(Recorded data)
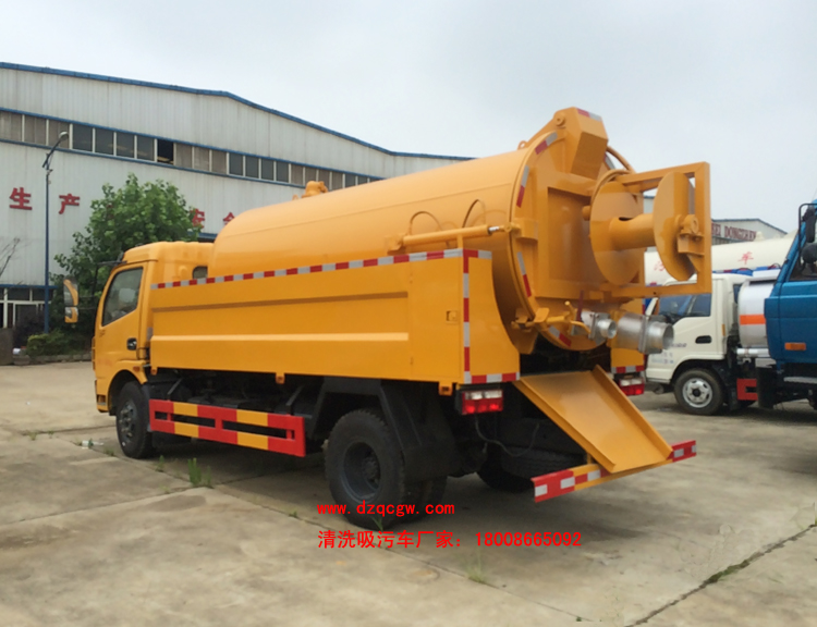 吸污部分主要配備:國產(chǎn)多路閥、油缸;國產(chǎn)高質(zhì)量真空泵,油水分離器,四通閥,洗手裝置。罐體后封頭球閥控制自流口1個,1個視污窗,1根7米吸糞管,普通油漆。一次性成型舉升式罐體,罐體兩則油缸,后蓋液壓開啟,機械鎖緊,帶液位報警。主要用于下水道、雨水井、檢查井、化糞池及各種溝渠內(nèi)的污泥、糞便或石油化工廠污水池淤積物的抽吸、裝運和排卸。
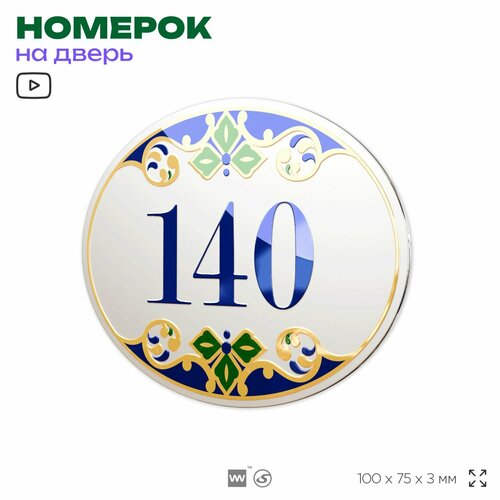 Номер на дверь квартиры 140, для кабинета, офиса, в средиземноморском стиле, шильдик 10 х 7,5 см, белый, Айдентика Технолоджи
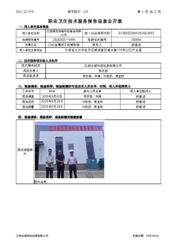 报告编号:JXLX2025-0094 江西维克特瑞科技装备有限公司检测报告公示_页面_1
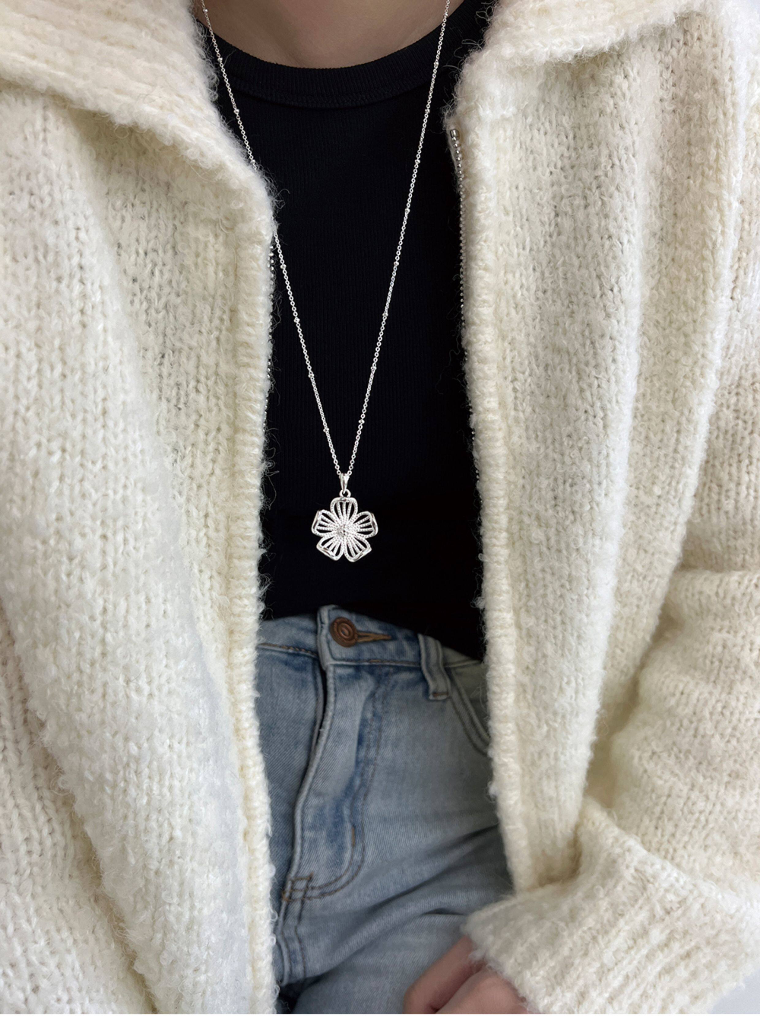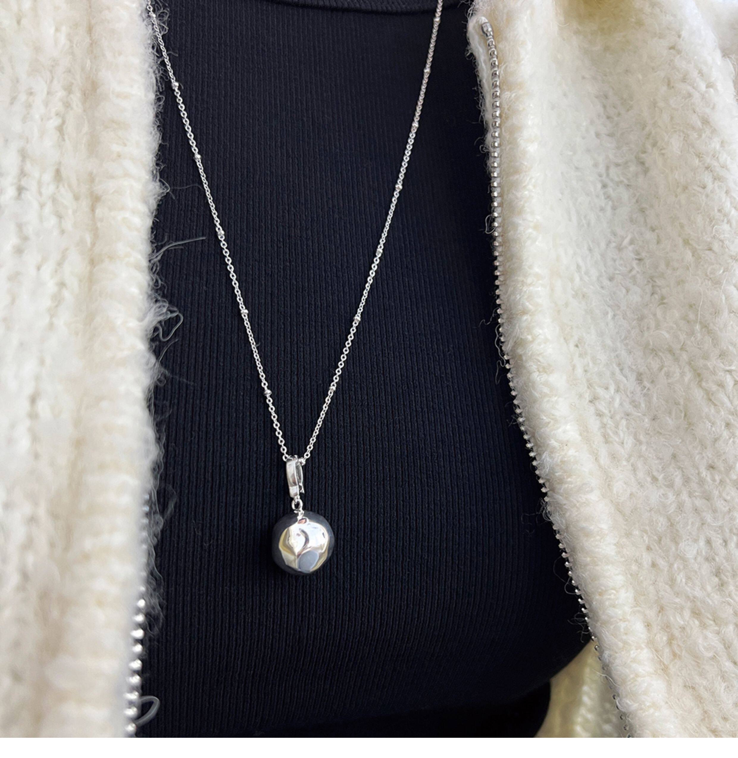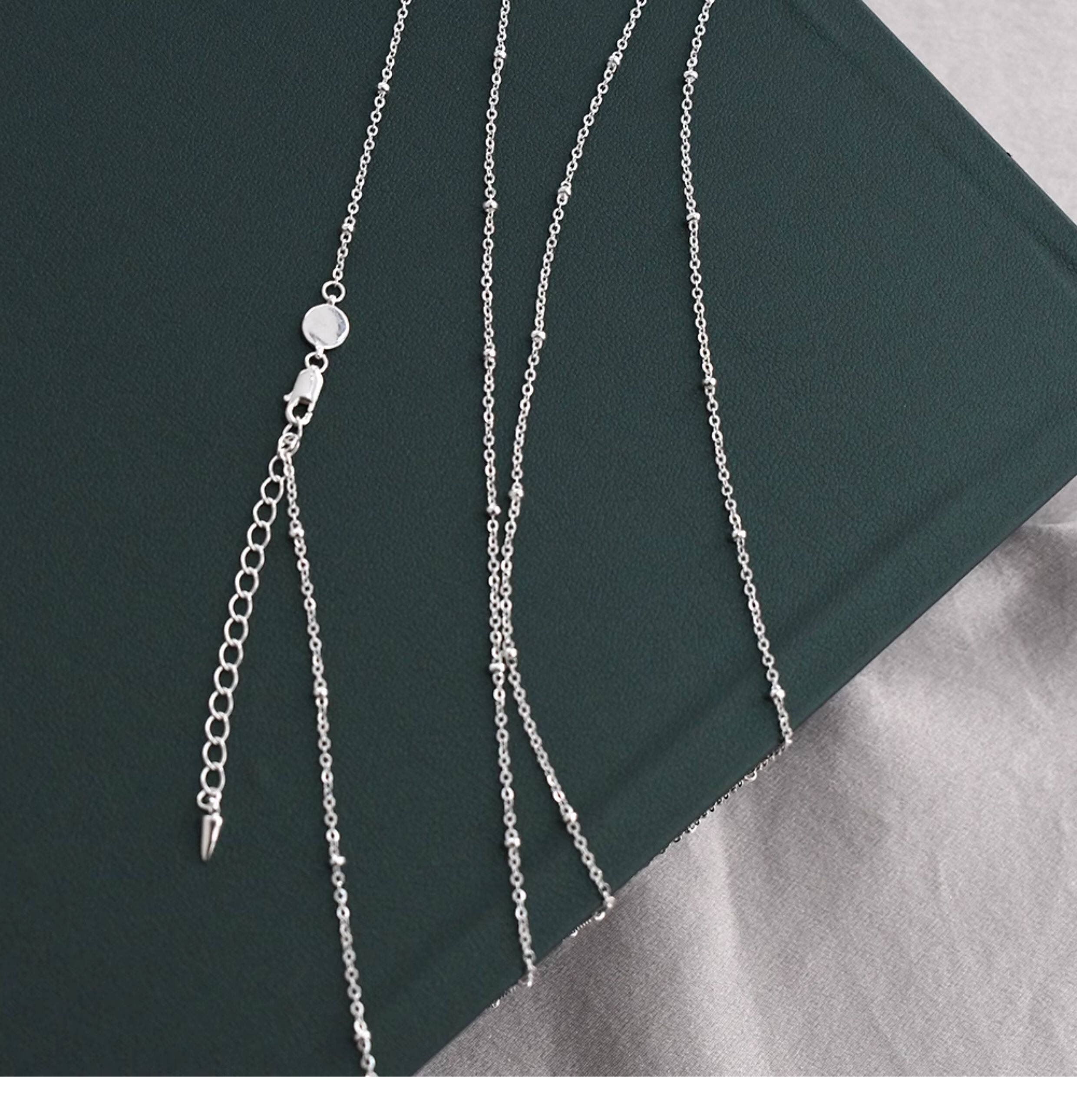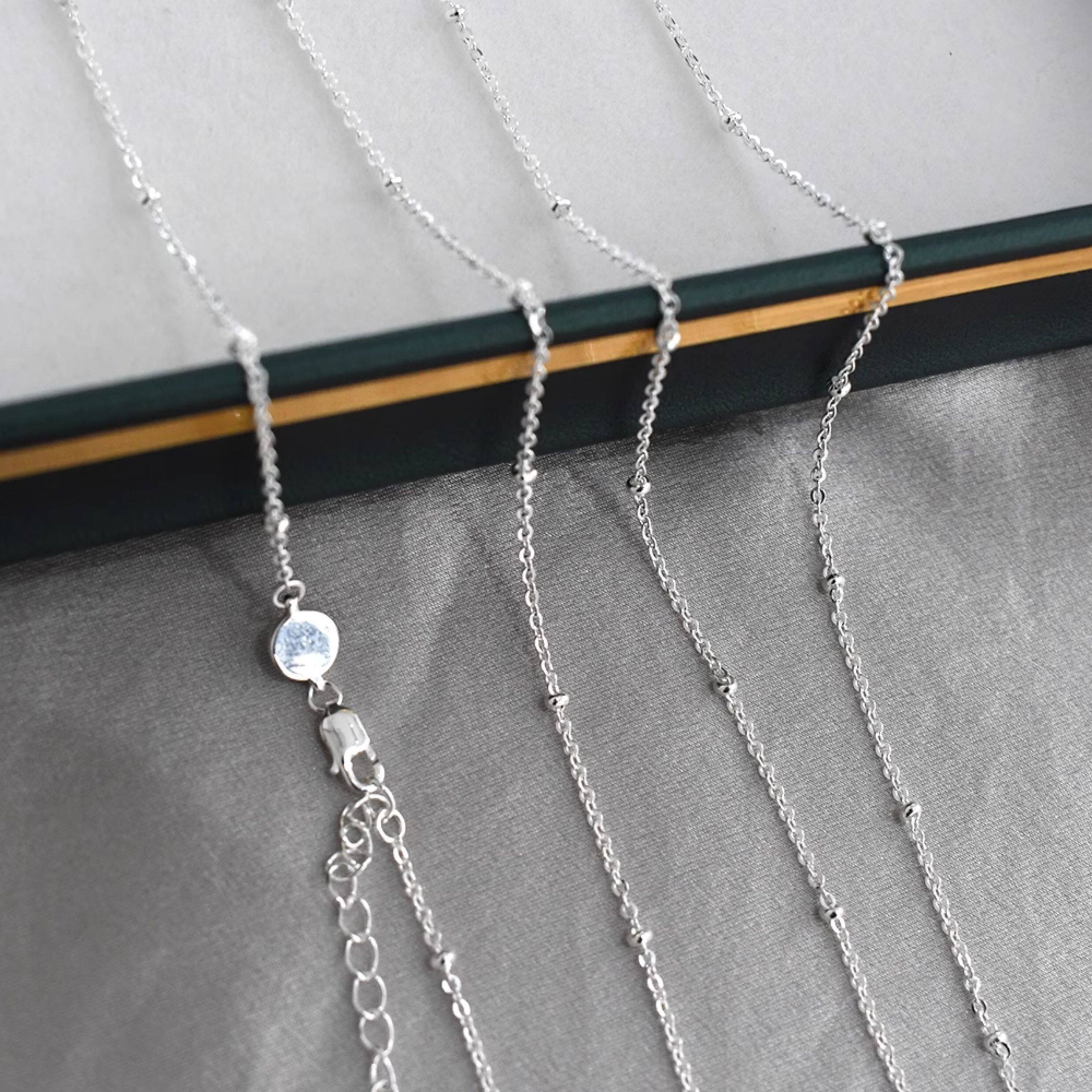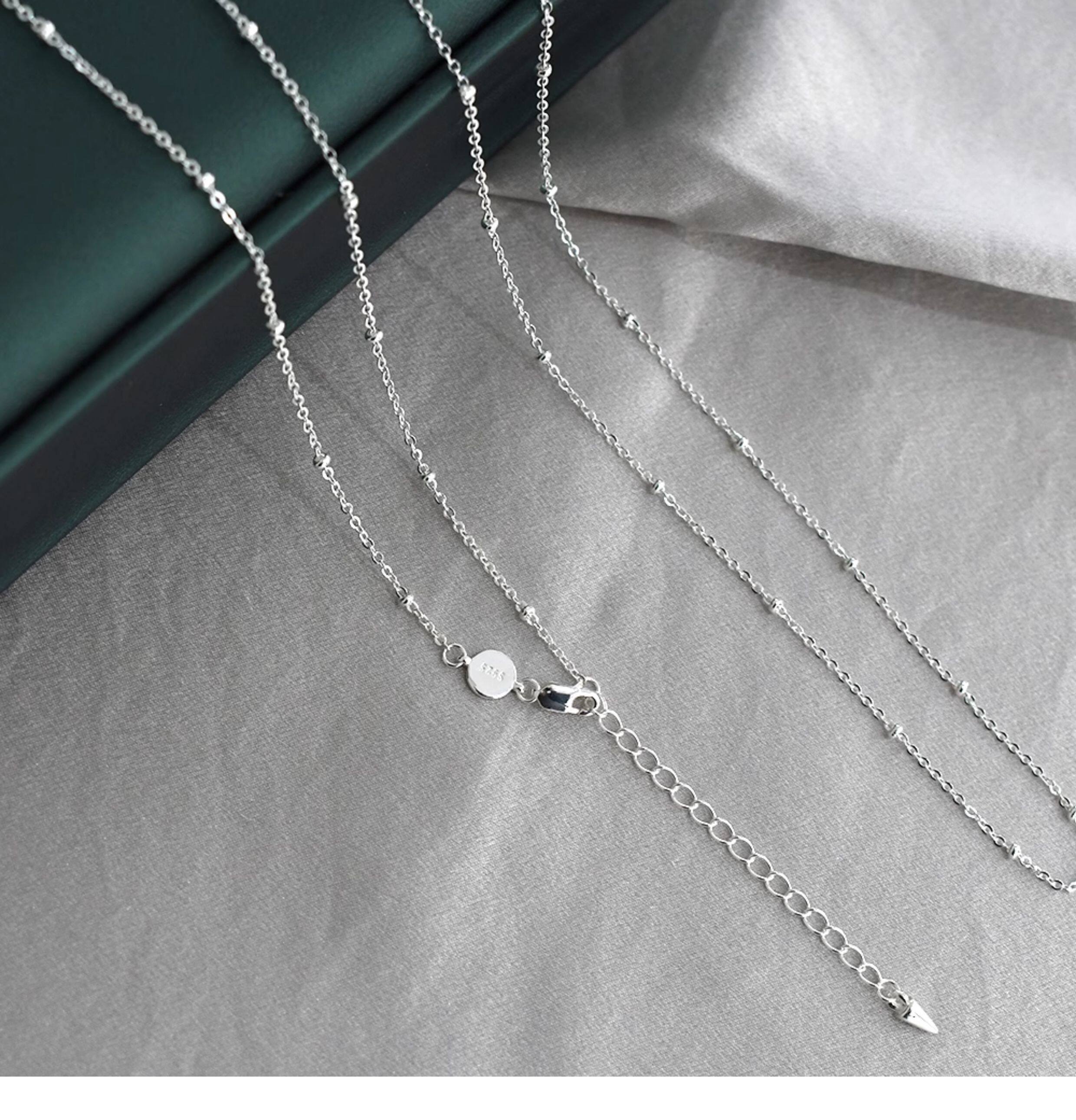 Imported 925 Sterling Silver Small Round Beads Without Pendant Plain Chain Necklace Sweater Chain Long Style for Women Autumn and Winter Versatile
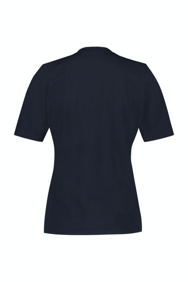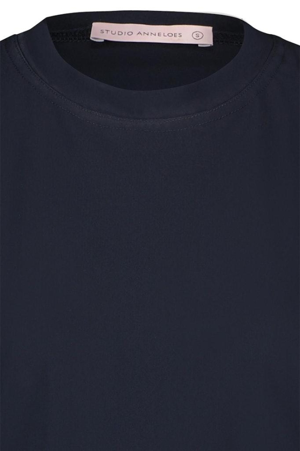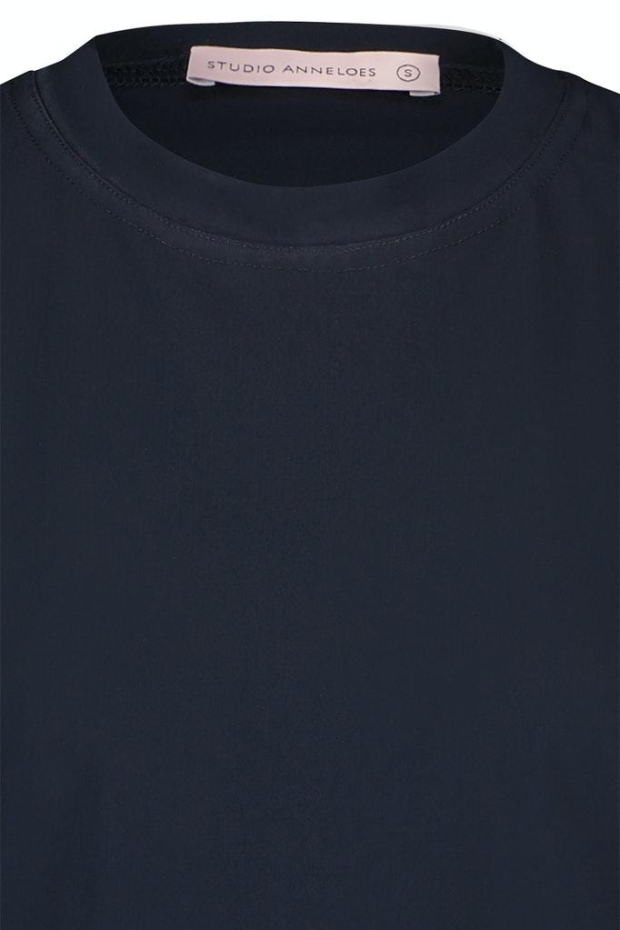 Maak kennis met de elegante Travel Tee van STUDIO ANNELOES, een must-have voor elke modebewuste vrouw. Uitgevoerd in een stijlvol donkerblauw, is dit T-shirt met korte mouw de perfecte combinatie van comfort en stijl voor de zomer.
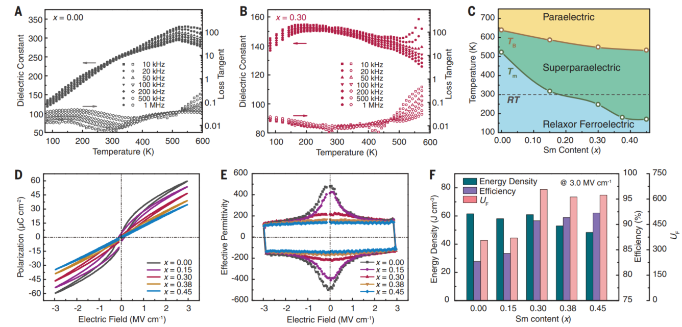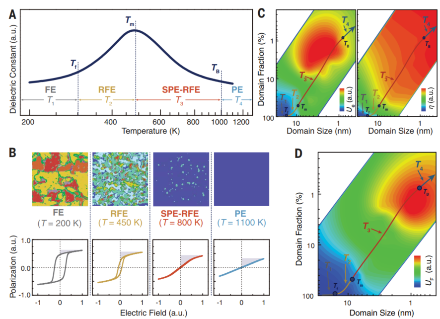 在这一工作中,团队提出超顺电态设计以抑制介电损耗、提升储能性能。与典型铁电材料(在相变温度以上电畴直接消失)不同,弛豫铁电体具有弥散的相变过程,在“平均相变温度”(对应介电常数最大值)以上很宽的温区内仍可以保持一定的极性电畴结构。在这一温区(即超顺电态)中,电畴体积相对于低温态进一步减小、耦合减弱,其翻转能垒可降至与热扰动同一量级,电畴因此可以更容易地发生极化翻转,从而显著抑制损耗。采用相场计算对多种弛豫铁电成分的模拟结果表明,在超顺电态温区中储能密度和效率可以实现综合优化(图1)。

(PROBLEM)
Give again, word for word, only the lines from the line containing "Номер на дверь" through the last line above, both included; leave the pictures out.

(COMPLETED TASK)
 Номер на дверь квартиры 140, для кабинета, офиса, в средиземноморском стиле, шильдик 10 х 7,5 см, белый, Айдентика Технолоджи
 报告编号:JXLX2025-0094 江西维克特瑞科技装备有限公司检测报告公示_页面_1
 Imported 925 Sterling Silver Small Round Beads Without Pendant Plain Chain Necklace Sweater Chain Long Style for Women Autumn and Winter Versatile
 Maak kennis met de elegante Travel Tee van STUDIO ANNELOES, een must-have voor elke modebewuste vrouw. Uitgevoerd in een stijlvol donkerblauw, is dit T-shirt met korte mouw de perfecte combinatie van comfort en stijl voor de zomer.
 在这一工作中,团队提出超顺电态设计以抑制介电损耗、提升储能性能。与典型铁电材料(在相变温度以上电畴直接消失)不同,弛豫铁电体具有弥散的相变过程,在“平均相变温度”(对应介电常数最大值)以上很宽的温区内仍可以保持一定的极性电畴结构。在这一温区(即超顺电态)中,电畴体积相对于低温态进一步减小、耦合减弱,其翻转能垒可降至与热扰动同一量级,电畴因此可以更容易地发生极化翻转,从而显著抑制损耗。采用相场计算对多种弛豫铁电成分的模拟结果表明,在超顺电态温区中储能密度和效率可以实现综合优化(图1)。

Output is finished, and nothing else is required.